Authors: M. Hrašková 1;  Z. Michelová 1;  J. Pafčugová 1;  M. Horáčková 1;  M. Kvapil 1;  K. Matoušovic 1,2
Authors‘ workplace: Interní klinika 2. LF UK a FN Motol, Praha, přednosta doc. MUDr. M. Kvapil, CSc. 1;  I. interní klinika UK a FN, Plzeň, přednosta prof. MUDr. K. Opatrný, DrSc, Jr. 2
Published in: Prakt. Lék. 2006; 86(2): 80-82
Category: Of different specialties

Overview

IgA nephropathy is the most common primary glomerulonephritis worldwide. It is also the most common cause of chronic renal failure among primary glomerulonephritides. Pathogenesis of IgA nephropathy is still obscure but new concepts about a role of immunoglobulin A oligosacharide side chains, which are undergalactosylated in these patients, have emerged.
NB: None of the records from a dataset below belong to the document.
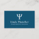 Psi symbol professional psychologist business card template. Elegant logo company card for psychology office, private practice, clinic, entrepreneur etc. Classy layout design with stylish typography. Blue or custom background colour. Make your own visit cards for meetings and conventions. Customisable text for custom address, phone, email and website. Start your business today!
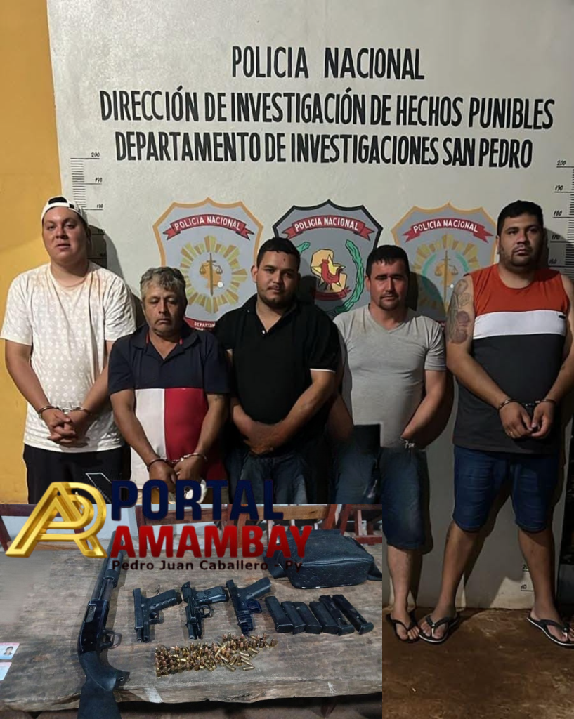 Durante el procedimiento fueron capturadas cinco personas, entre ellas un suboficial primero activo de la Policía Nacional, identificado como Silvio Ramón León Saucedo, dependiente de la Dirección de Policía de Amambay. Los demás aprehendidos fueron Casildo Martínez Venialgo (51), con antecedentes penales; Edgar Julián Duarte Benítez (25); y Luis Antonio Roble (23), quien cuenta con tres órdenes de captura por homicidio doloso y exposición al peligro.
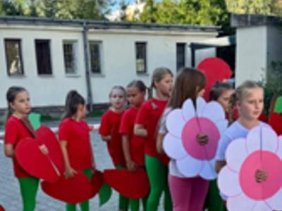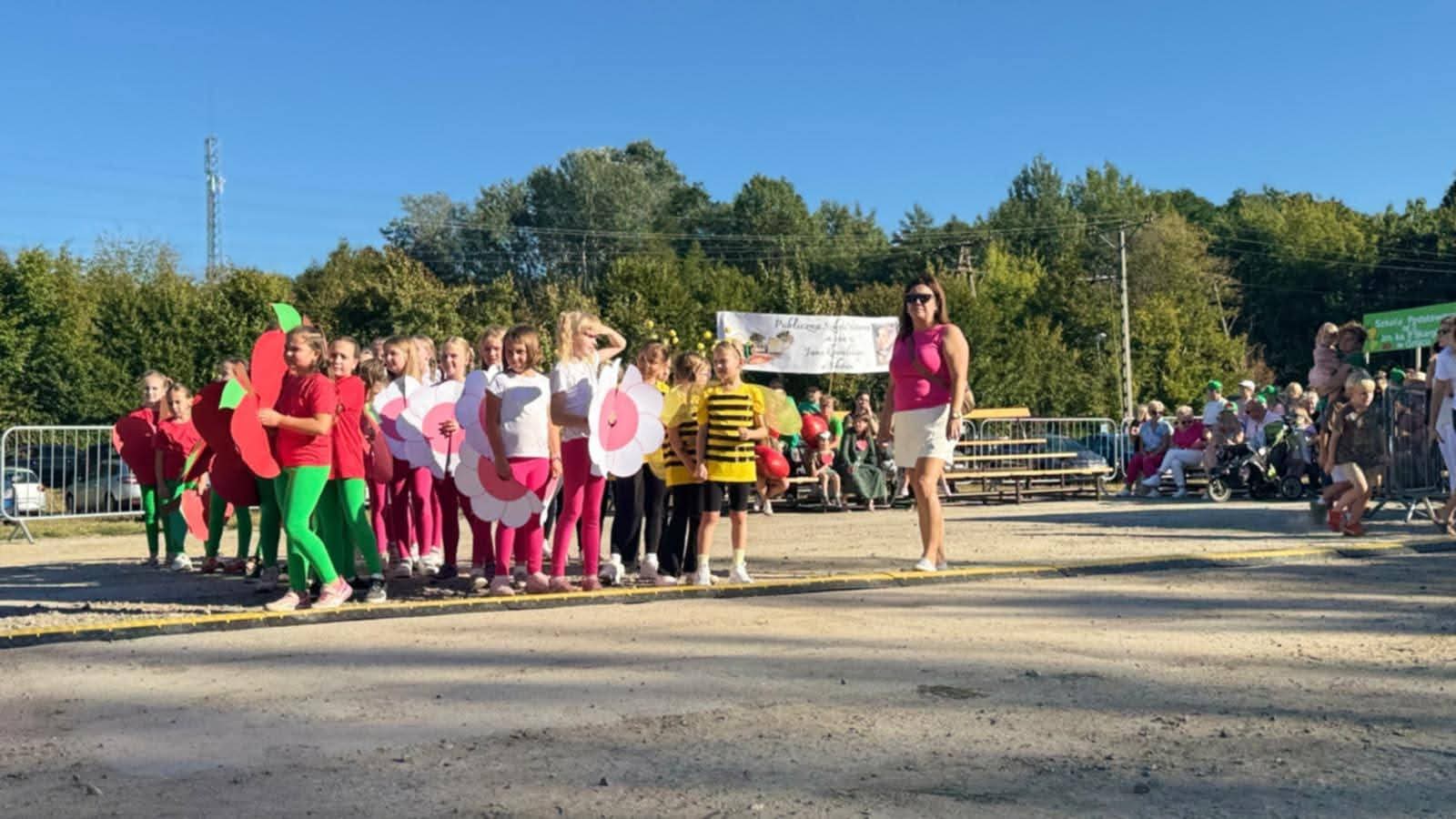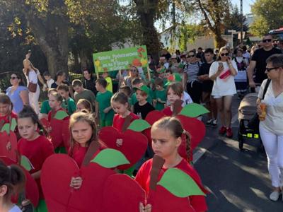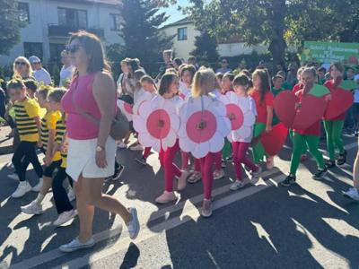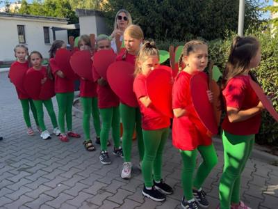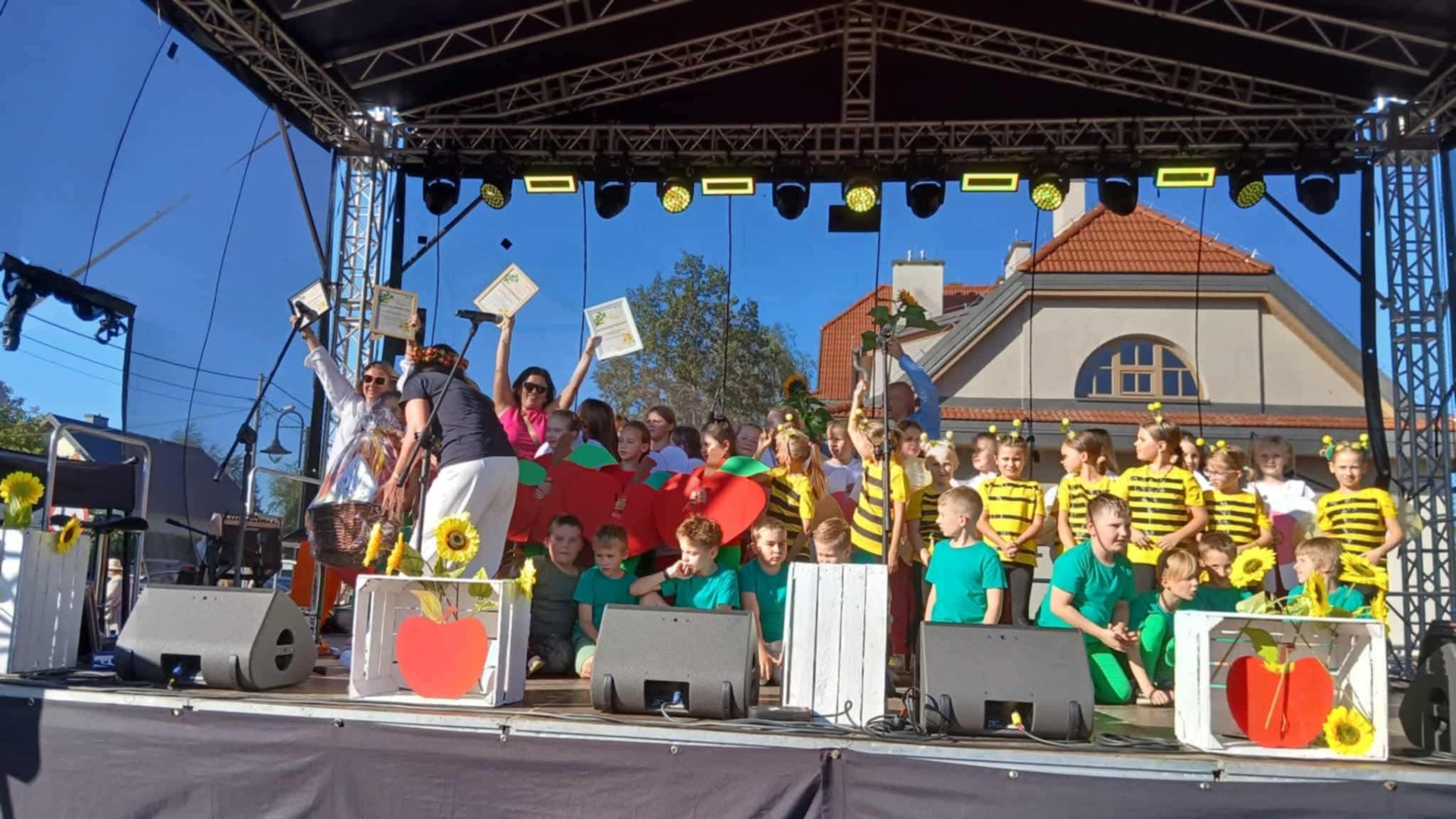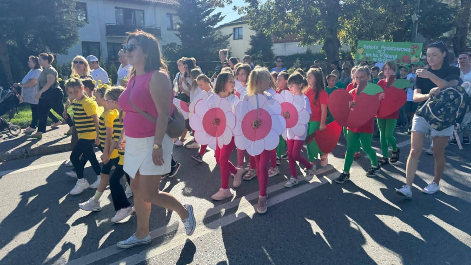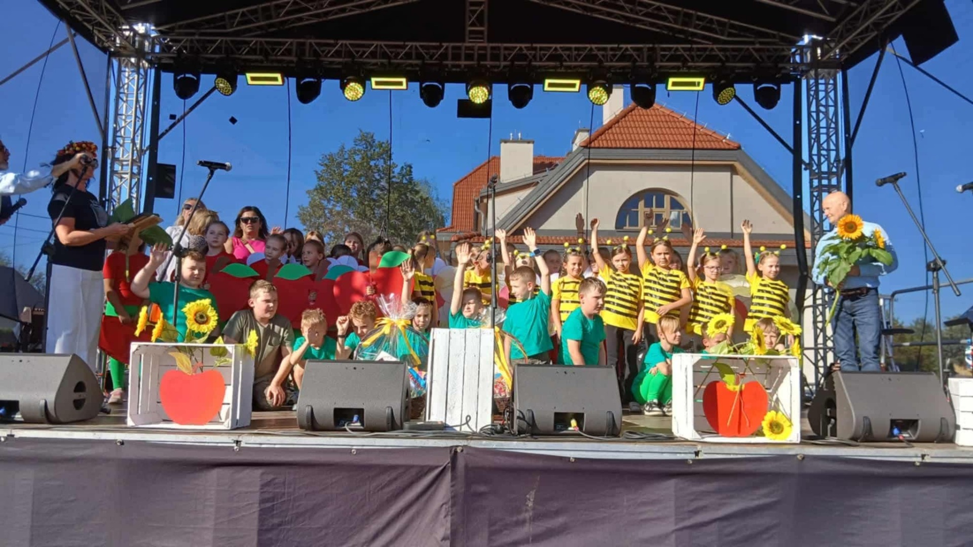 Uroczystość rozpoczęła się barwnym korowodem ulicami miasta, po czym uczestnicy dotarli do miejsca, w którym znajduje się budynek kolejki wąskotorowej. Tam dzieci czekały na swój występ. Zaprezentowały piękny taniec z kwiatami oraz „taniec jabłuszek🍎🍏”, w którym towarzyszyły im pszczółki i zielona trawka. Występ był niezwykle kolorowy, radosny i spotkał się z bardzo ciepłym przyjęciem publiczności. W uroczystości brała udział pani dyrektor Agata Pachocka, która doceniła zaangażowanie i przygotowanie dzieci. Dzieciom towarzyszyły ich wychowawczynie: pani Daria Deryng-Maliszewska, pani Anita Ptaszek oraz pani Emilia Szymczak👍.
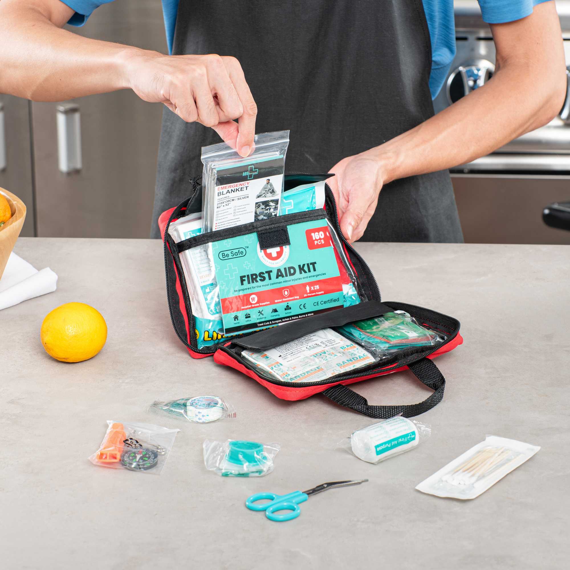 - 160-piece kit ensures comprehensive first aid readiness
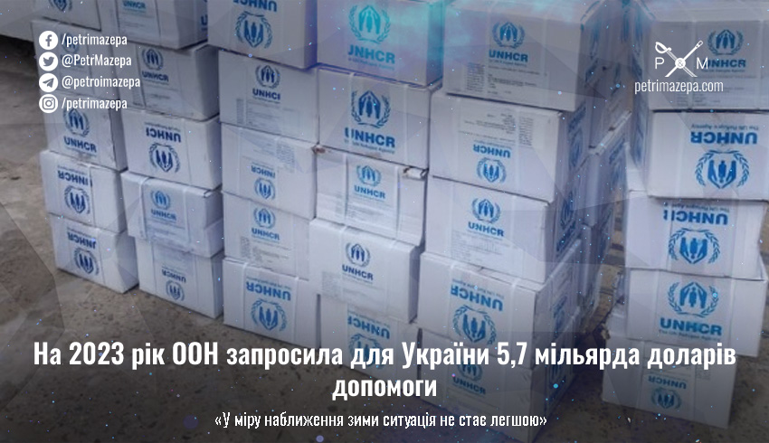 Координатор надзвичайної допомоги ООН Мартін Гріффітс повідомив, що допомогу ООН вже отримали 13,6 мільйона потерпілих від війни українців. А на 2023 рік для України запросили загалом 5,7 мільярда доларів.
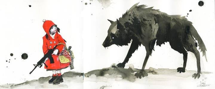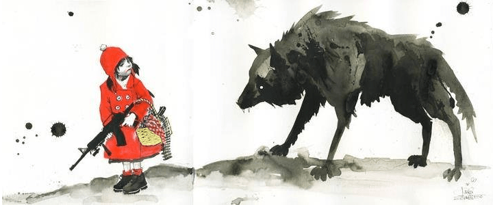 Eh bien… tout va bien », a dit le Petit Chaperon rouge. – J’apporte des tartes à mamie, tu as des yeux – pour mieux me voir, des oreilles – pour mieux m’entendre. Et c’est pour ça mon pote loup que tes GENOUX TREMBLENT autant ?
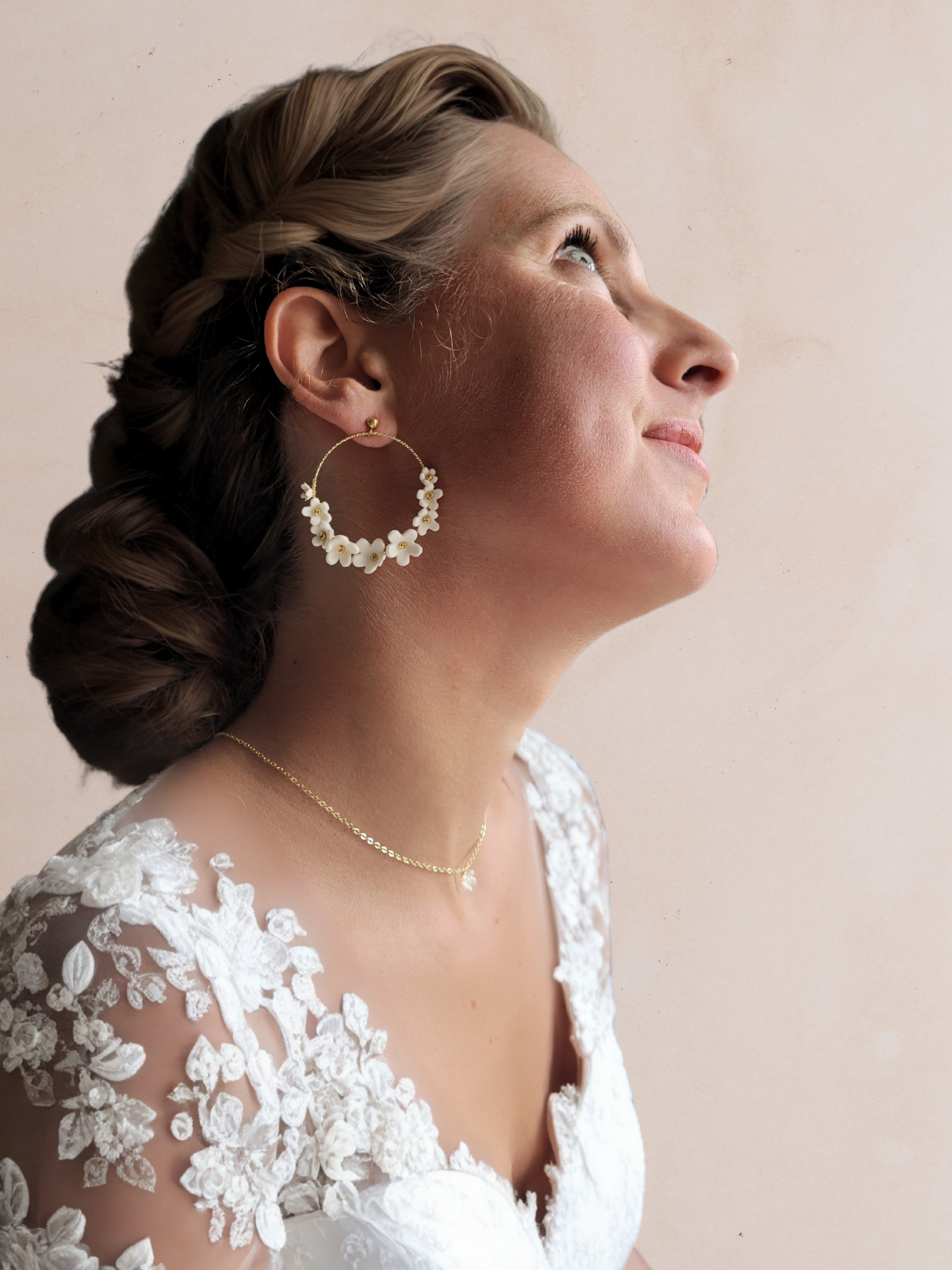 Leur cercle fin en laiton doré à l'or fin 24 carats, rehaussé de petites fleurs en porcelaine blanche modelées à la main, apporte une touche de douceur naturelle et lumineuse à votre visage.
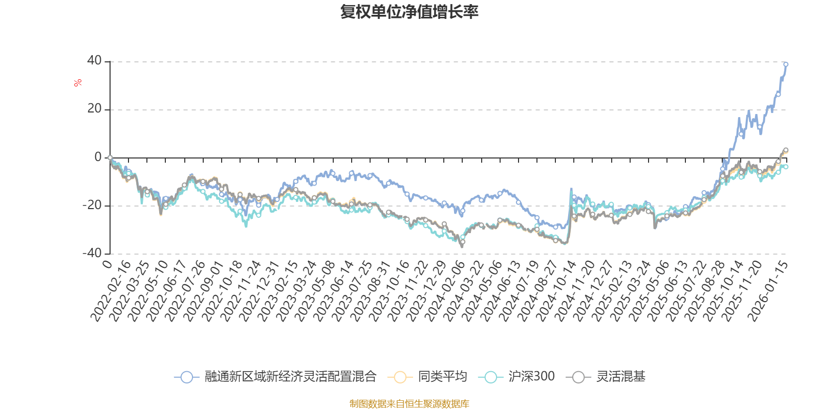 截至1月15日,融通新区域新经济灵活配置混合近三个月复权单位净值增长率为23.69%,位于同类可比基金50/1286;近半年复权单位净值增长率为67.55%,位于同类可比基金45/1286;近一年复权单位净值增长率为78.53%,位于同类可比基金87/1286;近三年复权单位净值增长率为55.89%,位于同类可比基金148/1286。
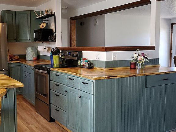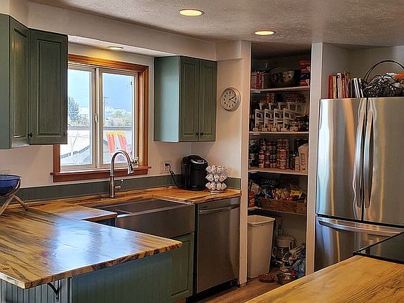 Great family home, quiet neighborhood within walking distance to downtown Enterprise and School. 4 bedrooms, 3 baths, raised ranch style home. 1,232 Square feet livable space upstairs as well as downstairs - total 2,464 liveable space!! Fully finished daylight basement with ingress/egress. Newly remodeled kitchen with all new stainless steel appliances, blued pine counter tops, farm house sink, touch sense faucet and large pantry. New flooring throughout. Other recent upgrades include bathroom counter tops, faucets, and interior paint. Large master bedroom, walk in closet and bathroom downstairs. Laser stove upstairs and bedrooms have ceiling coil heat with separate heat in bathrooms. Downstairs has Blaze King wood stove in family room which warms entire house (all wood currently on the property will stay). 18'X25' shop with attic for storage and small garden shed with lean-to for more storage. Shop has wood stove and pipe that hasn't been installed. Irregular 9,450 sq ft lot with beautiful mountain view from back deck and fenced back yard. Call Terri at 541-263-0519 to schedule a walk through.
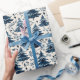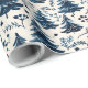 Vibrant patterns of dark blue Christmas trees and delicate white accents create a festive atmosphere, perfect for wrapping holiday gifts and celebrating winter's beauty during the season.
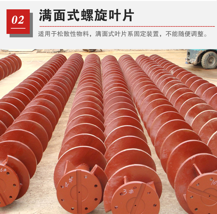 滿面式螺旋葉片/實體螺旋葉片 滿面式適用于松散性物料,滿面式葉片系固定裝置,不能隨便調整。

Circulating immune complexes are composed of these aberrantly glycosylated IgA and IgG with specificity to these oligosacharides. The same complexes were also detected in the kidney deposits. Clinical presentation of the early stage of IgA nephropathy is characterized by asymptomatic hematuria (gross hematuria during upper respiratory infection in some patients). In later course, the progression is signalized by increasing proteinuria and hypertension. Diagnosis of IgA nephropathy is established by demonstration of predominant IgA deposits in renal biopsy. Specific therapy of IgA nephropathy is unknown but we are able to slow its progression. A restriction of protein intake corresponding to the degree of renal functional damage and blood pressure normalization by ACEI or ATI blockers are main non-specific therapeutic interventions. Fish-oil administration also seems to be effective while cytotoxic drugs administration is still questionable. Renal failure develops in 30 to 40 % patients 20 years after diagnosis.

Key words:
IgA nephropathy – natural history – differential diagnosis – therapy.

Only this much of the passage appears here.